While the highly differentiated regions exhibited features of positive selection, the regions with low differentiation in both populations were also identified to manifest long-term balancing selection (Charlesworth et al., 1995). Long-term balancing selection supports maintaining beneficial polymorphisms for quite many generations as compared to positive purifying and selection, resulting in regions of the genome with reduced FST and increased genetic diversity (Guerrero and Hahn, 2017). In this study, in comparison to the highly differentiated regions, absolute interspecific divergence (dxy and RND values) was found to be lower (Figures 4A,B). Both P. davidiana and P. alba populations had a notably high genetic diversity (π) (Figures 5A,B). Balancing selection may be identified due to its influence upon neutral sites lying nearby when the same alleles persist for a long time. The population genetics of balancing selection shows that, despite maintaining diversity at the selected sites (usually distinct amino acids), there is a concurrent rise in diversity at closely connected neutral sites (Mei et al., 2018). The frequent appearance of intermediate-frequency alleles is indicated by higher Tajima's D and Fay & Wu's H values (Figure 5F), with levels of LD lower in comparison to the highly differentiated regions, which may have been impacted by recombination (Lee et al., 2011). The proportion of inter-specific shared polymorphisms was found to be higher in low differentiated regions (Figure 5C) in both the P. davidiana and P. alba populations, the proportion of fixed differences was found to negligible (Figures 5K,L). While selection reduces diversity at selected loci and linked gene regions in general, balancing selection frequently works to maintain diversity at such loci, allowing distinct beneficial variations to be retained over long periods (Begun et al., 2007). Our results, thus, suggest that long-term balancing selection, presumably regulated by “recycling polymorphism” (Holub, 2001) or “trench warfare” (Stahl et al., 1999) of co-evolutionary interaction between natural enemies and hosts, may have caused an increase in genetic diversity over extended periods (Salvaudon et al., 2008).
Conclusions
Here we provide insights into the speciation and recent evolutionary histories of two closely related forest tree species, P. davidiana and P. alba.

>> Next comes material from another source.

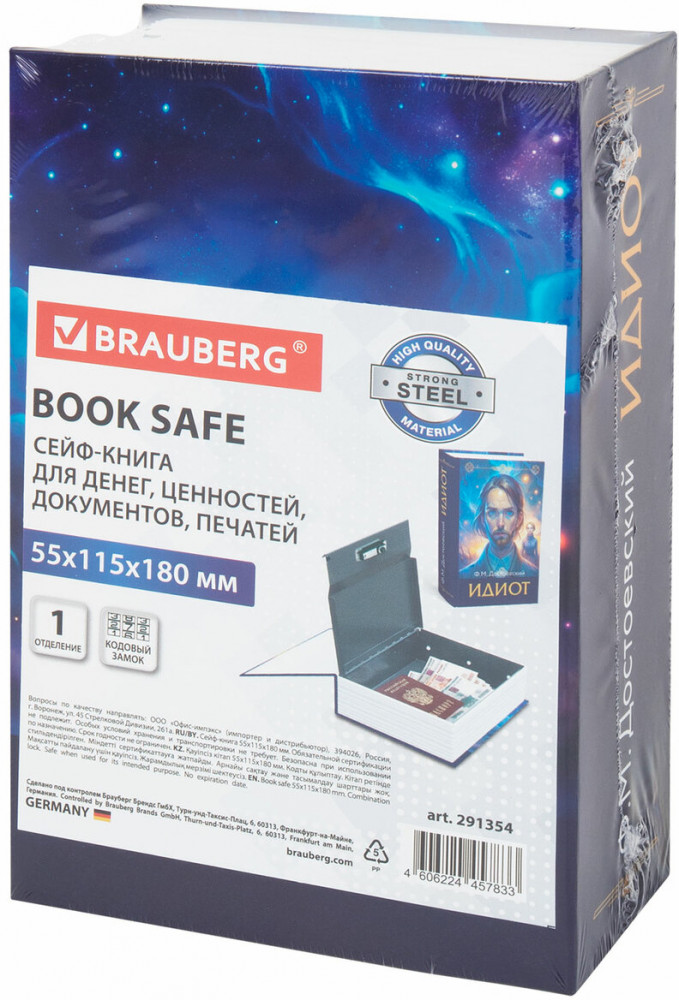 💳 Оплатить за товар можно при получении 🇰🇿 Есть бесплатная доставка по Казахстану от 1 дня 🎁 Копите бонусы с каждой покупки Сейф BRAUBERG из прочной стали с кодовым замком стилизован под книгу «Идиот» и обеспечивает надёжную защиту от несанкционированного доступа. Незаметный на книжной полке дома или в офисе, он станет отличным подарком для практичных людей. |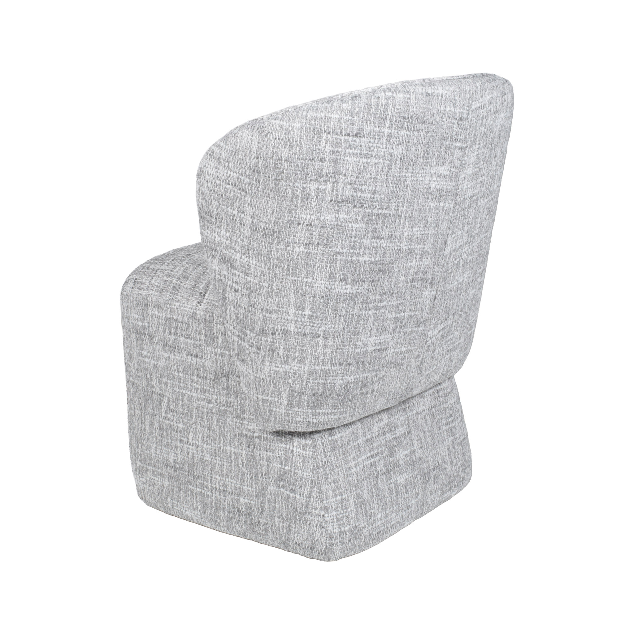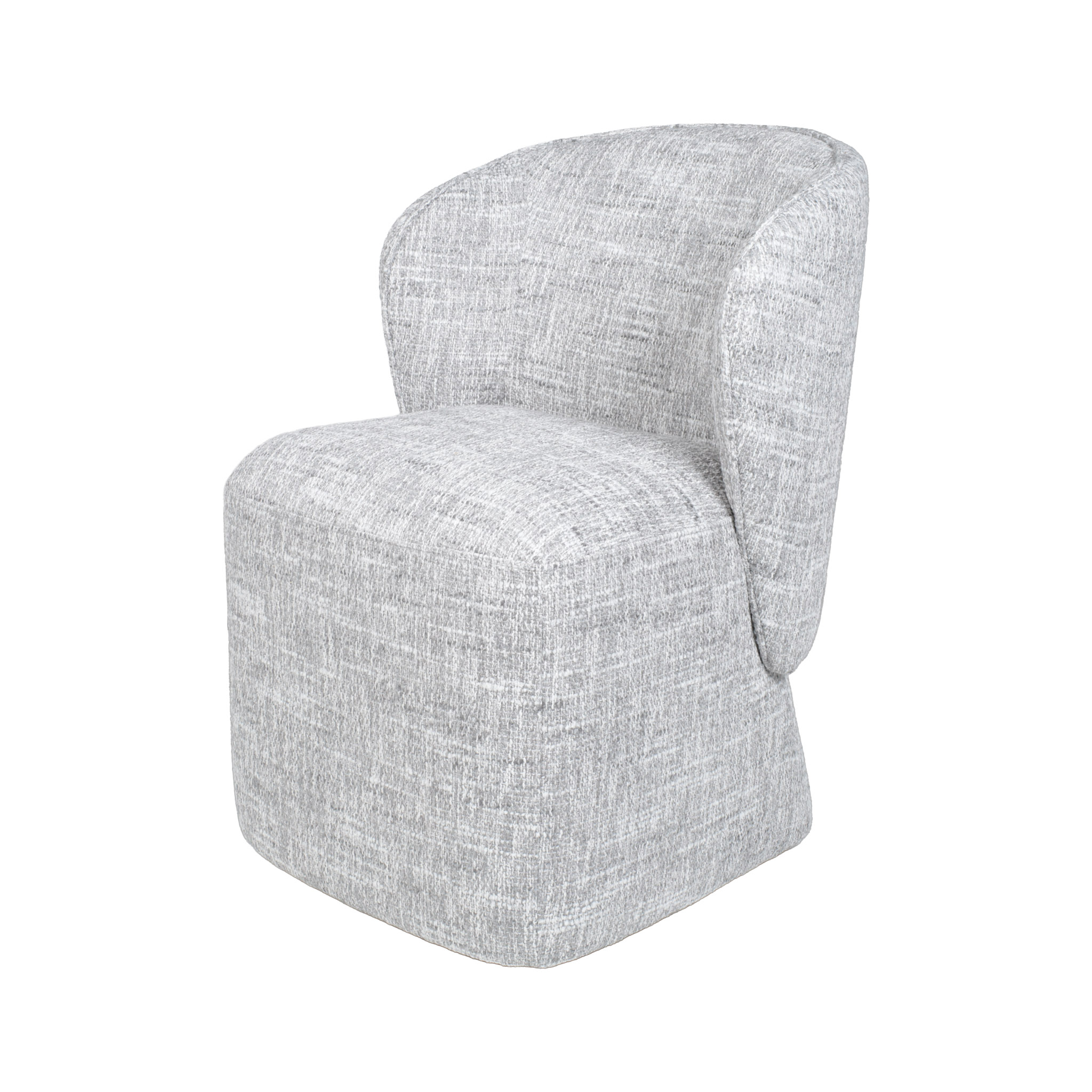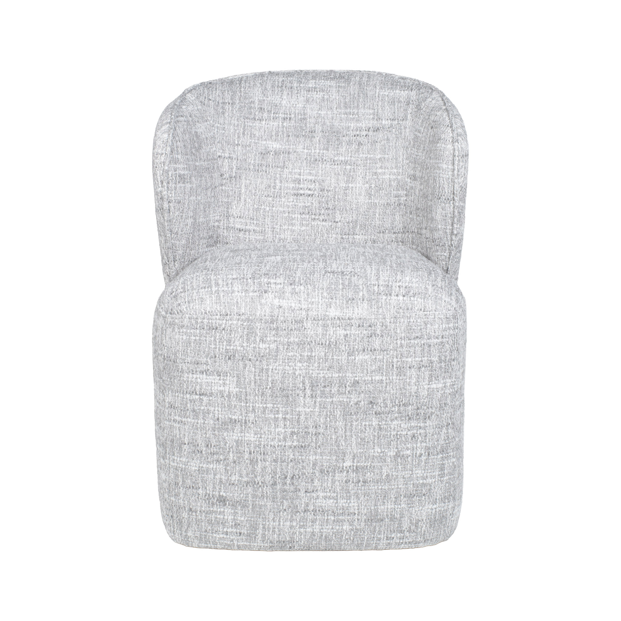 Funcional silla de comedor de tela texturizada en tono gris con blanco, y ruedas.

The genetic differentiation between the two species was found to be obvious, with an FST value of 0.2988 for P. davidiana and P. alba. Coalescent simulations suggest that the divergence of the two species occurred in the middle Pleistocene, with only minimal gene flow after the divergence. Following divergence, the two species encountered a significant long-term bottleneck, with population increase beginning roughly 20,000 years ago, at the end of the last glacial maximum. Though neutral processes explain the vast majority of regions of genomic differentiation between the two species, a few outlier regions that are noticeably influenced by natural selection have also been investigated. The highly differentiated regions of both species showed substantial positive selection characteristics, and long-term balancing selection was also observed in the regions with limited differentiation in both species. Our results point out that Natural selection and Quaternary climate changes both played a role in the divergence of the P. davidiana and P. alba populations.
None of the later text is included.